• _THE TASK_: Nothing but the pictures should go missing; return all the entries below exactly.

-- DATASET RECORDS follows --

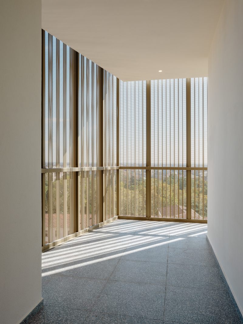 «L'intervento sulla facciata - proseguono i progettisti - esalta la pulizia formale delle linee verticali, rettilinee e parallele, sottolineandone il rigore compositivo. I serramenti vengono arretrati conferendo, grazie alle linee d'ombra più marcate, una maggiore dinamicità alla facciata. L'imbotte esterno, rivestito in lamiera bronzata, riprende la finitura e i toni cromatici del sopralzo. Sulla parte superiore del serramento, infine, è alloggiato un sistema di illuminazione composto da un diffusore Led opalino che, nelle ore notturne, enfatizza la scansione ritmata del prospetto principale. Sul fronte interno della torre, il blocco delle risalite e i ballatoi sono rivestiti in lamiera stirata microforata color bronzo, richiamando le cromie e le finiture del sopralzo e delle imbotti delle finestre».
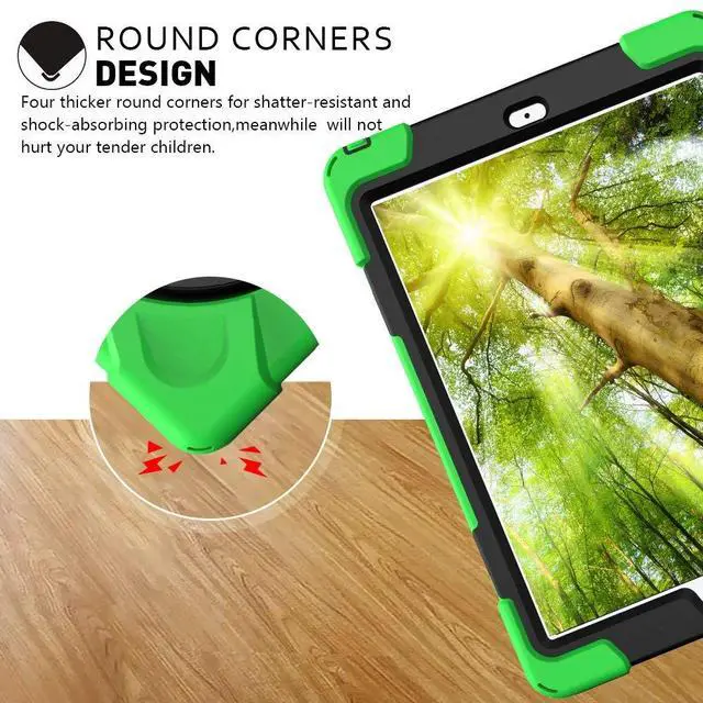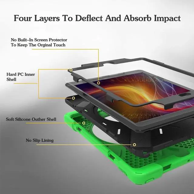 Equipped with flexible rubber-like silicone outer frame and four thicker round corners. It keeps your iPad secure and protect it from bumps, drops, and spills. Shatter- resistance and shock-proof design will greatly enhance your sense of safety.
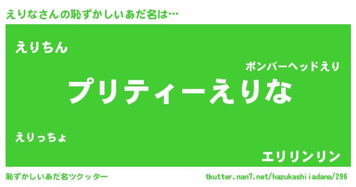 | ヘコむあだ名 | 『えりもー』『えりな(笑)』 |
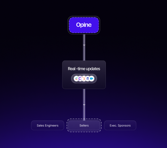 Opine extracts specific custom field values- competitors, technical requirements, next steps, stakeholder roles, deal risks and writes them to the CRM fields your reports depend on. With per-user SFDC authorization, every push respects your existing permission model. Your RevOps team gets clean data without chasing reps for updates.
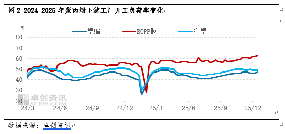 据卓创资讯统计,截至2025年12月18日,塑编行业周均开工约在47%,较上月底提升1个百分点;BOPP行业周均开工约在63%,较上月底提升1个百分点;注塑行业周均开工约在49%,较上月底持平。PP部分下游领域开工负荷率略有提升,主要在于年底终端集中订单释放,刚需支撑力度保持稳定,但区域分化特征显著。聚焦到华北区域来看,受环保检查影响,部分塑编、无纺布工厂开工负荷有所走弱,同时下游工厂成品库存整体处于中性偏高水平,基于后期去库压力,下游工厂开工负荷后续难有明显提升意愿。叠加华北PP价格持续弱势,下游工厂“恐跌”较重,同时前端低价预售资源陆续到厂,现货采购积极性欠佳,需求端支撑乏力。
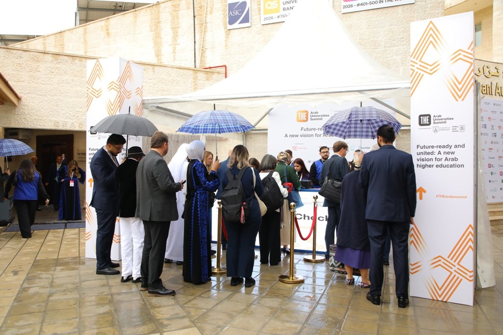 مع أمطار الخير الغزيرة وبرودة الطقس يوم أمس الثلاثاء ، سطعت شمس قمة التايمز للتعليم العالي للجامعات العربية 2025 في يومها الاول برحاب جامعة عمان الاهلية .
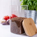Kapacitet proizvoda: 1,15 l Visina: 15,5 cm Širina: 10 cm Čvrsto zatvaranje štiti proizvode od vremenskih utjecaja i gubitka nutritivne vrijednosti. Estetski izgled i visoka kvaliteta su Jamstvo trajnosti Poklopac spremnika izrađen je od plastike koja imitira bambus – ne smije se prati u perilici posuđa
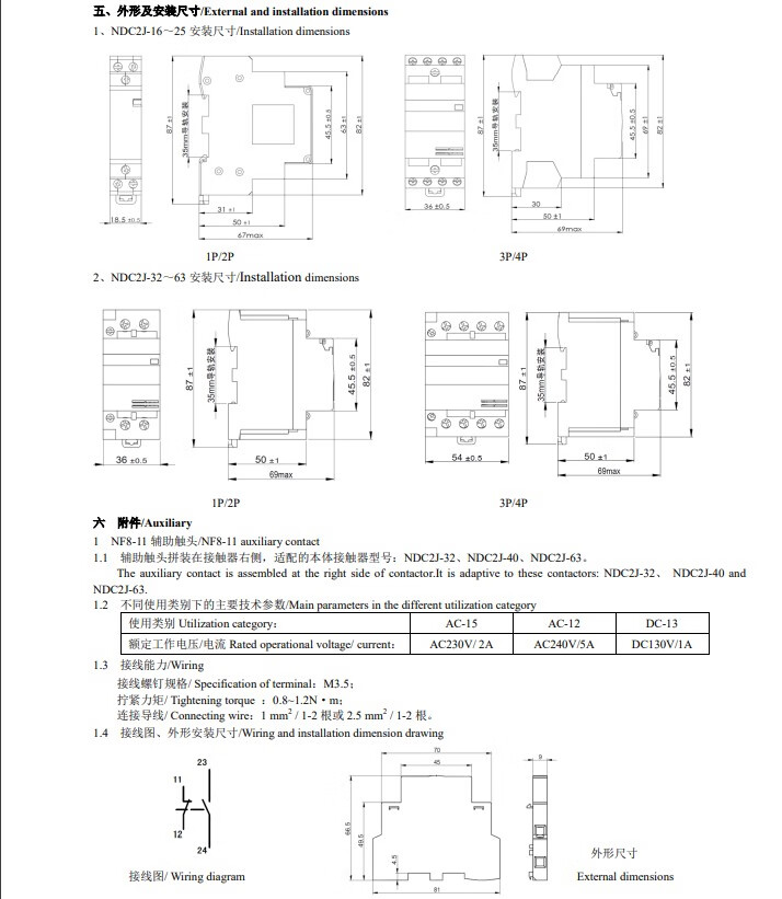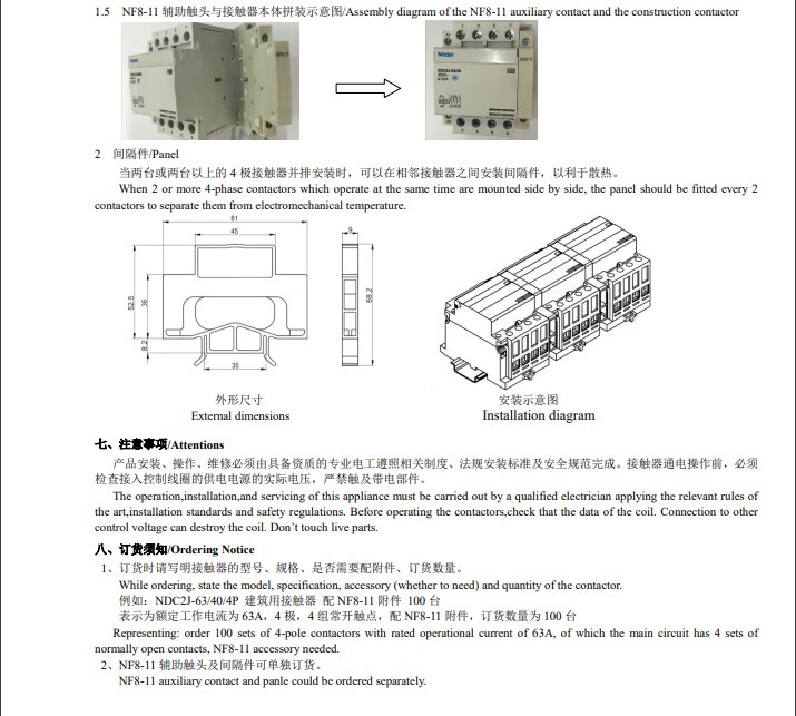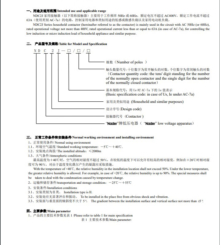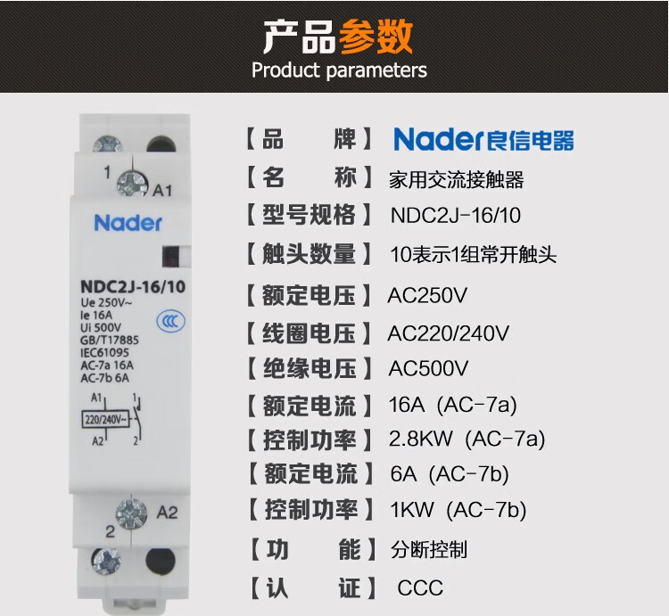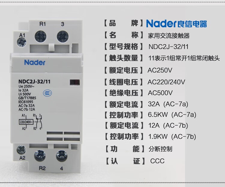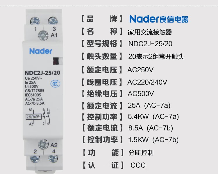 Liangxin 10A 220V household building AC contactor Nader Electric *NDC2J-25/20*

-- DATASET RECORDS concluded --

• _ANSWER FOR THIS EXERCISE_:
 «L'intervento sulla facciata - proseguono i progettisti - esalta la pulizia formale delle linee verticali, rettilinee e parallele, sottolineandone il rigore compositivo. I serramenti vengono arretrati conferendo, grazie alle linee d'ombra più marcate, una maggiore dinamicità alla facciata. L'imbotte esterno, rivestito in lamiera bronzata, riprende la finitura e i toni cromatici del sopralzo. Sulla parte superiore del serramento, infine, è alloggiato un sistema di illuminazione composto da un diffusore Led opalino che, nelle ore notturne, enfatizza la scansione ritmata del prospetto principale. Sul fronte interno della torre, il blocco delle risalite e i ballatoi sono rivestiti in lamiera stirata microforata color bronzo, richiamando le cromie e le finiture del sopralzo e delle imbotti delle finestre».
 Equipped with flexible rubber-like silicone outer frame and four thicker round corners. It keeps your iPad secure and protect it from bumps, drops, and spills. Shatter- resistance and shock-proof design will greatly enhance your sense of safety.
 | ヘコむあだ名 | 『えりもー』『えりな(笑)』 |
 Opine extracts specific custom field values- competitors, technical requirements, next steps, stakeholder roles, deal risks and writes them to the CRM fields your reports depend on. With per-user SFDC authorization, every push respects your existing permission model. Your RevOps team gets clean data without chasing reps for updates.
 据卓创资讯统计,截至2025年12月18日,塑编行业周均开工约在47%,较上月底提升1个百分点;BOPP行业周均开工约在63%,较上月底提升1个百分点;注塑行业周均开工约在49%,较上月底持平。PP部分下游领域开工负荷率略有提升,主要在于年底终端集中订单释放,刚需支撑力度保持稳定,但区域分化特征显著。聚焦到华北区域来看,受环保检查影响,部分塑编、无纺布工厂开工负荷有所走弱,同时下游工厂成品库存整体处于中性偏高水平,基于后期去库压力,下游工厂开工负荷后续难有明显提升意愿。叠加华北PP价格持续弱势,下游工厂“恐跌”较重,同时前端低价预售资源陆续到厂,现货采购积极性欠佳,需求端支撑乏力。
 مع أمطار الخير الغزيرة وبرودة الطقس يوم أمس الثلاثاء ، سطعت شمس قمة التايمز للتعليم العالي للجامعات العربية 2025 في يومها الاول برحاب جامعة عمان الاهلية .
Kapacitet proizvoda: 1,15 l Visina: 15,5 cm Širina: 10 cm Čvrsto zatvaranje štiti proizvode od vremenskih utjecaja i gubitka nutritivne vrijednosti. Estetski izgled i visoka kvaliteta su Jamstvo trajnosti Poklopac spremnika izrađen je od plastike koja imitira bambus – ne smije se prati u perilici posuđa
 Liangxin 10A 220V household building AC contactor Nader Electric *NDC2J-25/20*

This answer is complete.